Einheitliche sphärische superparamagnetische Eisenoxid-Nanopartikel (SPIONs) mit enger Größenverteilung wurden durch thermische Zersetzung von Eisenpentacarbonyl und Eisenoleat synthetisiert. Diese Nanopartikel sind ursprünglich mit einer Hülle aus hydrophobem Oleat bedeckt. Superparamagnetische Eisenoxid-Nanopartikel können als Kontrastmittel in der Medizin eingesetzt werden. Für diese Anwendung müssen sie mit einer dichten Hülle aus biokompatiblen und hydrophilen Liganden bedeckt werden, damit sie nicht aggregieren, von den Zellen aufgenommen und vom Immunsystem erkannt werden können. Die Oleatschale muss daher vollständig durch hydrophile Liganden ersetzt werden. Liganden-Stripping und sequenzielles Refrafteding ist ein Ansatz, um dies zu erreichen und superparamagnetischen Eisenoxid-Nanopartikeln in biologischen Medien kolloidale Stabilität zu verleihen. Die nächste Herausforderung nach dem Ersetzen des Polymerliganden auf der Oberfläche der Nanopartikel ist die effiziente Entfernung des zusätzlichen ungebundenen Liganden und der verdrängten anfänglichen Ölsäure aus der Reaktionslösung. In dieser Studie untersuchte ich die Pfropfung von mit Nitrodopamin verankertem Polyethylenglykol (PEG-5000) auf verschiedene SPION-Grössen von 6.1 bis 20.7 nm. Zusätzlich verwendete ich Dialyse-, Magnetdekantier- und Membranzentrifugationsmethoden, um die Dispersion von extra freiem PEG zu reinigen. TEM-Diagramme zeigten, dass die Nanopartikel eine einheitliche Größe und Form haben.
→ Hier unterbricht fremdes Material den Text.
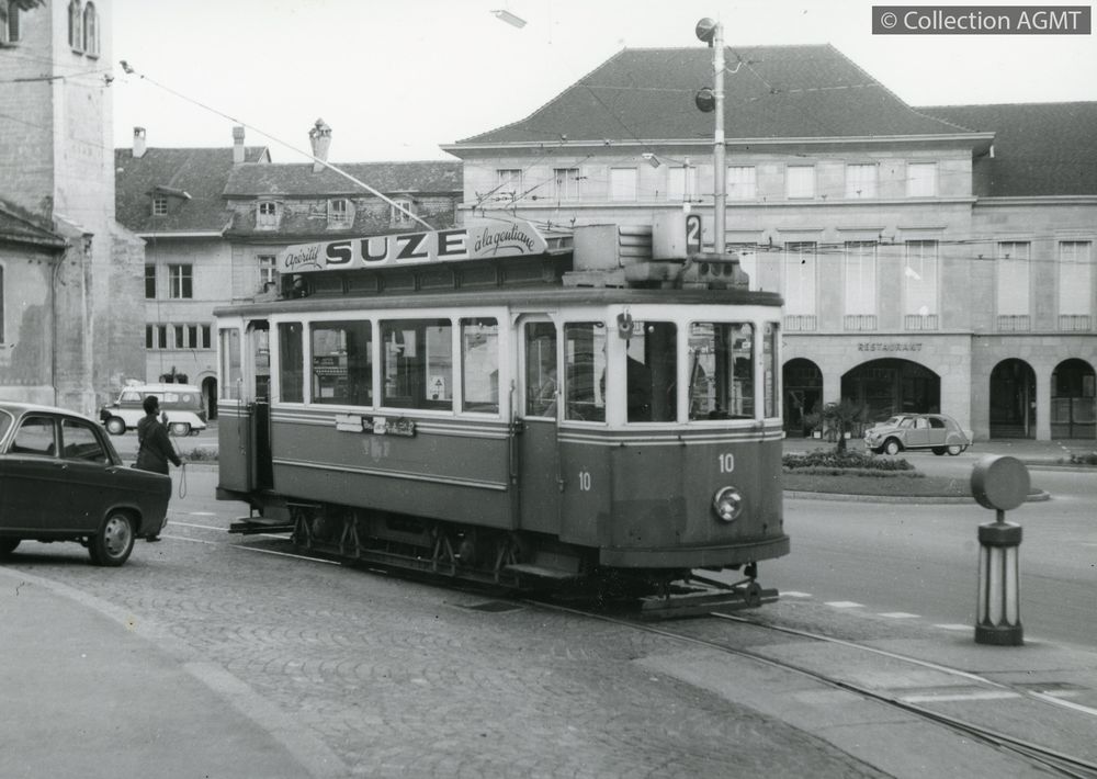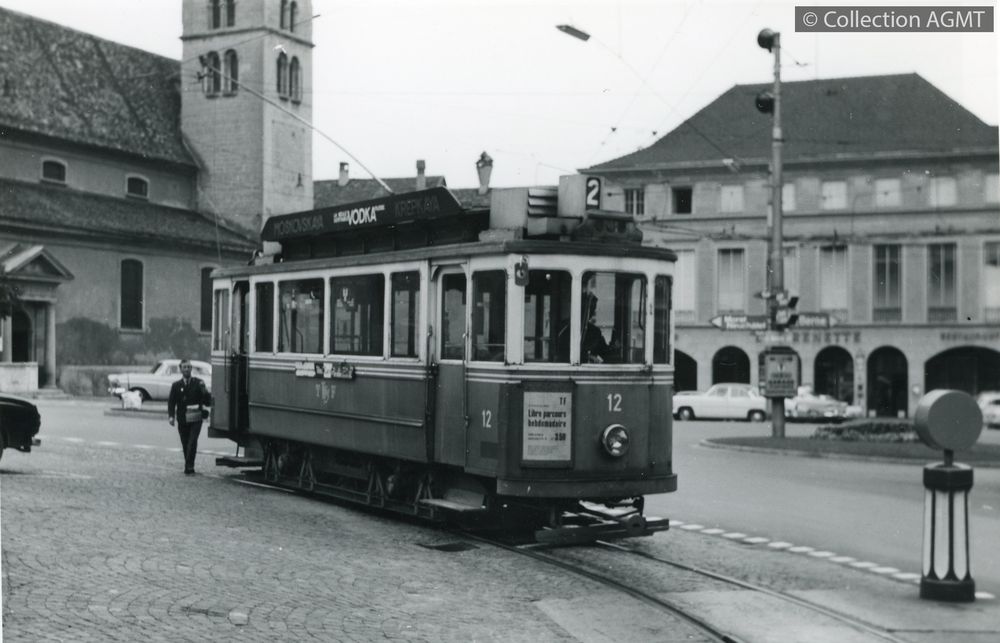 [Compagnie] TF (Fribourg)Index. décimale : 3141 Tramway et métro léger urbain - véhicule - service régulier, transport de voyageur L'automotrice 13 de la ligne 2 à destination des Charmettes traverse la place Notre-Dame [document graphique à deux dimensions] / Jacques Bazin, Photographe . - [S.l.] : [s.n.], [ca 1980] . - 1 photo : noir et blanc ; 11 x 15 cm.

Die aus den TGA-Massenverlustergebnissen berechneten PEG-Pfropfungsdichten zeigten, dass die Pfropfungsdichten zwischen 0.5-6 Ketten/nm2 liegen. Pfropfdichten um 1 Kette/nm2 gelten als vielversprechende Ergebnisse in Bezug auf die kolloidale Stabilität in biologischen Medien. SPIONs mit optimalen Pfropfdichten zeigten kolloidale Stabilität durch DLS-Messung über 40 Tage Monitoring. Vollständiger Ligandenersatz wurde durch 1H-NMR-Experiment nachgewiesen.

Uniform spherical superparamagnetic iron oxide nanoparticles (SPIONs) with narrow size distribution have been synthesised by thermal decomposition of iron pentacarbonyl and iron oleate. These nanoparticles are originally capped with a shell of hydrophobic oleate. Superparamagnetic iron oxide nanoparticles can be applied as contrasting agents in medicine. For this application, they have to be covered with a dense shell of biocompatible and hydrophilic ligands to prevent them from aggregation, uptake by cells, and recognition by the immune system. Thus, the oleate shell must be completely replaced by hydrophilic ligands. Ligand stripping and sequential regrafting is an approach to achieve this and provide superparamagnetic iron oxide nanoparticles with colloidal stability in biological media. The next challenge after replacing the polymer ligand on the nanoparticle surface is efficiently removing extra unbound ligand and displaced initial oleic acid from the reaction solution. In this study, I investigated the grafting of polyethylene glycol (PEG-5000) anchored with nitrodopamine on different SPION sizes from 6.1 to 20.7 nm. Additionally, I used dialysis, magnetic decantation and membrane centrifugation methods to purify the dispersion from excess free PEG. TEM graphs revealed that nanoparticles are uniformly sized and shaped. PEG grafting densities calculated from thermogravimetric analysis of organic mass loss during thermal decomposition indicated grafting densities between 0.5-6 chains/nm2. Grafting densities around 1 chain/nm2 are considered promising results with respect to colloidal stability in biological media. SPIONs with optimal grafting densities showed colloidal stability through DLS measurement over 40 days of monitoring. Full ligand replacement was proved by 1H-NMR experiment.